Carfree Details

The number of possible district designs is, of course, infinite. I certainly hope that every district in every carfree city will be unique. To convey the range of possible variety, we show a number of district designs here. All are to the same scale: 1 pixel on your screen represents 2 meters on the ground. There is no intrinsic reason why districts must be exactly 760 meters in diameter, and some larger and smaller districts are shown below.

A slightly outdated version of the reference district design.
Note the small blocks, thin buildings, numerous squares,
and the many very narrow streets.


This district is less dense than the reference design.
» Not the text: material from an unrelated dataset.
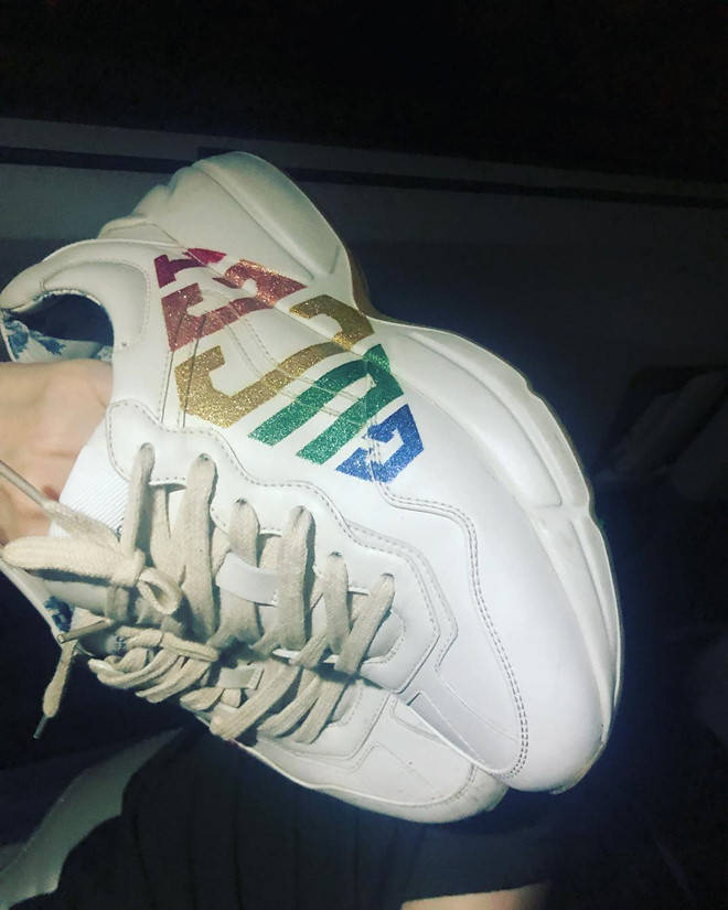 Mẫu sneaker có logo kim tuyến 7 màu của Gucci có giá 1.100 USD (tương đương hơn 25 triệu đồng) cũng nằm trong tủ của Hari.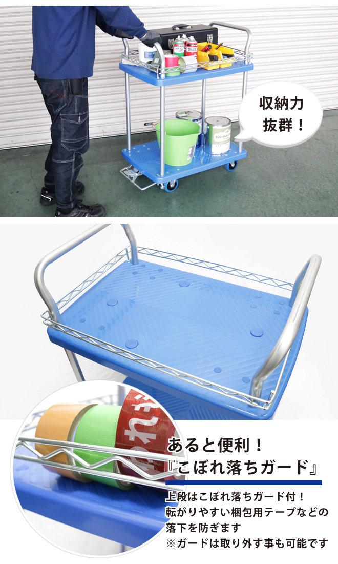 ●2段式でスペースを有効に使え作業効率がUPします ●上段にはこぼれ落ちガードが付いているので、大事な物の脱落を防ぎます (ガードを取り外す事もできます) ●荷台表面はギザギザの滑り止め加工を施し、滑り止めのゴムが4か所付いています ●底面は樹脂製により水や錆に強く強度があります ●駐車ブレーキ付きなので、少し傾斜のある場所でもブレーキをかけて安心して置いておくことができます ●この商品はお客様組立てとなります ※本体の組立てやキャスターの取付けに工具が必要となります ※入荷時期により仕様が異なる場合がございます。ご使用に問題がない返品は承れません。 ★ 取扱説明書はこちら |

The is a smaller, denser district
suitable for downtown areas.


A rigid geometric pattern is appropriate to
more formal districts.


This district has a coarser scale.
Streets don't have to be straight.


This district is similar in character to
the reference district but completely different
in its details


This district is larger than standard and therefore
fails to meet the 5-minute-walk criterion.


A small, very dense district with
larger buildings


Waterways can be brought into a district.

Cul-de-sac courtyards are an interesting form.

This circular canal system was inspired by the
arrangement of 17th century Amsterdam.


This design is based on a plan by Francesco di Giorgio Martini,
who pondered ideal city forms between 1451 and 1464.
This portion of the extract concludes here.